We have been discussing preserving the democratic coalition lately. It was my proposal to include Lytvyn in the coalition. It was also my proposal to collect signatures from those that support the idea of resuming the work of the coalition.
When it comes to elections – we will start negotiations. It is useless to talk about possible consolidation into one political bloc and especially about election rolls and quotas before that time.
— In what case is such consolidation possible?
If issue on hand would be about holding both and presidential and parliamentary election campaigns at the same time, then People’s Self-defense will, certainly, form a bloc with some other force. With that political force which is close to us in ideological matters and is headed by an outstanding candidate to the post of president. Most likely, it would be the Yuliya Tymoshenko Bloc.
However, that is just my personal opinion, and the final decision should be made by our political force.
— Will David Zhvaniya’s position concerning further political fate of People’s Self-defense be a deciding factor?
— His position will be considered on equal terms with opinions of all other faction’s members. I don’t remember any cases when David Vazhayevych contradicted the faction or when his opinion was categorically not considered by the majority of People’s Self-defense faction’s members.
To tell the truth, we have only one problem with him: he wakes up too late. Zhvaniya’s position seldom evokes disputes in the faction since by the time he usually comes to the office, the discussion is already over.
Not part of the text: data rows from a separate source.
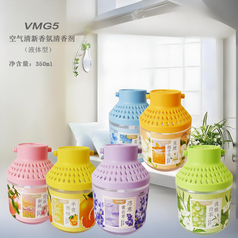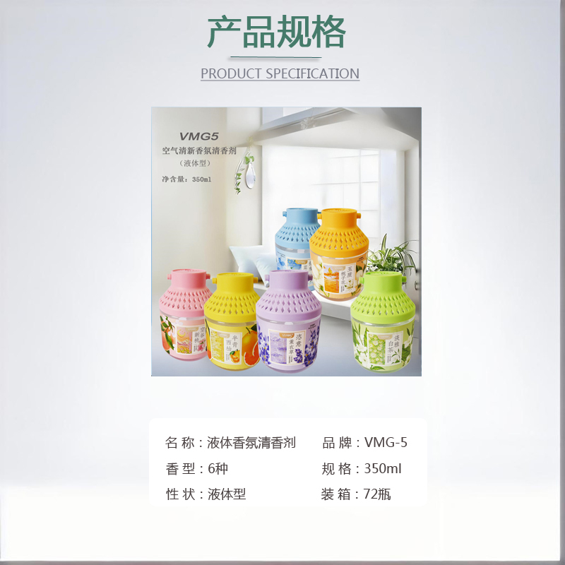 品牌: VMG5 货号: VMG-24011-24016产地: 广东揭阳市 功能: 空气清新 空气清香 空气净化芳香 吸附祛除异味 香型: 香桃 栀子花 白茶 西柚 薰衣草 蓝风铃香型 箱装数量: 72瓶/箱 物理形态: 液体型 净含量: 350ml/瓶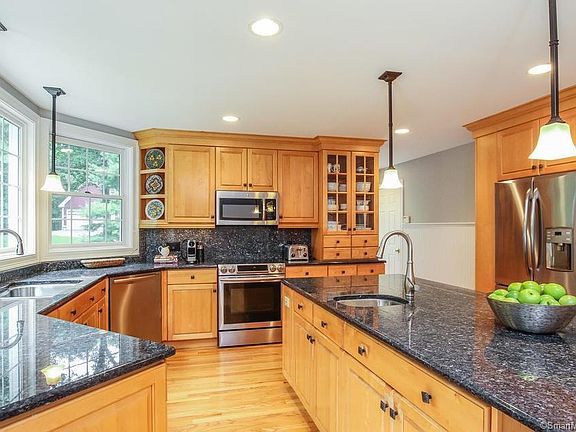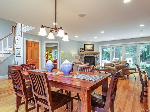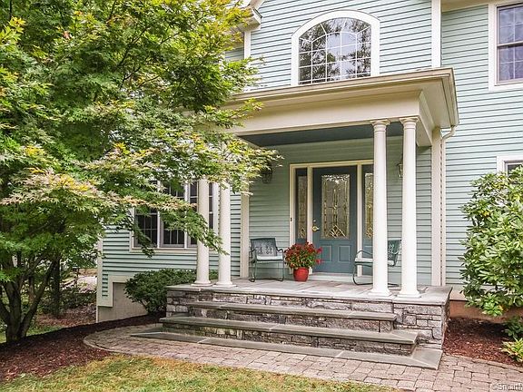An EXTRAORDINARY, often -admired home in one of the prettiest settings in Glastonbury ~ Nestled on a lovely, level 1.2 acre lot, this fantastic transitional Colonial boasts a design that is both unique and captivating, with a wide open layout surrounded by windows inviting the outdoors in. Pretty Kitchen with custom cabinets, sparkling granite center island and walls of windows flows directly into Great Room, so that the chef is always part of the party Enjoy a stone fireplace, stunning Dining area, cozy Family Room with French doors to Office/ Den with marble surround fireplace, and a mudroom area with powder room with laundry. Upstairs is a Master suite with walk in closet and fabulous remodeled Master bath, featuring luxurious new tile shower with glass enclosure, and two additional bedrooms with full bath. An unfinished attic offers intriguing expansion possibilities In the walkout lower level there is MORE living space, with a finished recreation area, office, and full bath Additional highlights: hardwood flooring, central air with 2 new compressors, central vac, propane heat, and an IMMACULATE 2-bay attached garage with freshly painted walls and floor. Don't miss this GEM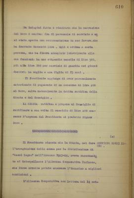 Comunicazioni: a) prospetto delle assenze del personale nel mese di settembre 1923; b) ratifica di sussidio d'urgenza a Doro Salvatore, guidatore-meccanico dei furgoni automobili del nostro Monte di pietà; c) servizio buoni legna

To be serious, David Zhvaniya and I are totally different men and thus, we quite naturally complement each other in the process of achieving a common goal.
— You talked about the possibility to consolidate Lutsenko, Gritsenko and Yatsenyuk into one political force. Is it your personal idea or have you had some consultations?
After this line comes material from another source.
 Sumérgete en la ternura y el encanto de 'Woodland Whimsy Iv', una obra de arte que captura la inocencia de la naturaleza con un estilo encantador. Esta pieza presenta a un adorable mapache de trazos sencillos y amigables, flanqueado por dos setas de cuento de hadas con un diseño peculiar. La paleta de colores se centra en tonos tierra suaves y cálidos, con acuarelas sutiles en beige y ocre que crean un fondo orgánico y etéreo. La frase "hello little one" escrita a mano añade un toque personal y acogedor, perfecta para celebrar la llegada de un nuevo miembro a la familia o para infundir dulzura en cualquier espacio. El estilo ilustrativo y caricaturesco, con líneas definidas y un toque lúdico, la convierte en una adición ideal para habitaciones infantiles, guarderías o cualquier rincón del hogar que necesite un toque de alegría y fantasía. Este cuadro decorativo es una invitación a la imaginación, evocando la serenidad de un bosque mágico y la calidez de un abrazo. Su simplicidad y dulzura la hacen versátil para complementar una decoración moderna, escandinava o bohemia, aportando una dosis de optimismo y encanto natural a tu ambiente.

This idea has been around for some time. There is, certainly, a demand for some third force. We are going to study what level of support this force might get from the society. We are going search for common grounds with ideologically close politicians. It is hard to make any predictions yet.
A head-on collision of Yuliya Tymoshenko Bloc and the Party of Regions is very dangerous for the country as is an unreserved unification of these forces. In both cases it is desirable to have a third full-fledged political force. We would like it to be supported by at least 10% of voters. Bearing only 3% will make this force ineffective because in case of emergency it should be able to either back up or oppose some other force.
As the well-known joke goes, the driver of a truck is interested in the road signs just out of idle curiosity. Can you imagine that there are two such drivers on the road? That’s why it is worthwhile to have a traffic inspectors’ car there to make both obey the rules.
— Don’t you think that creation of such a political force might reduce the chances of Our Ukraine?
— Our Ukraine has no chances to remain a serious political force. It unavoidably will become a political trifle.
Viktor Andriyovych has destroyed a bloc with 14% of support with his own hands and will receive (at best) two or three forces with 3-4% of support instead.
If the election campaign starts, I will personally ask the voters: What political force is Our Ukraine going to form a coalition with? With BYuT? Why have they destroyed the democratic coalition then? With the Party of Regions? Why have they told lies then?
It is obvious that they will have no clear, honest and suitable answer for society on these questions. It is also obvious that Our Ukraine will disappear as an independent democratic political force.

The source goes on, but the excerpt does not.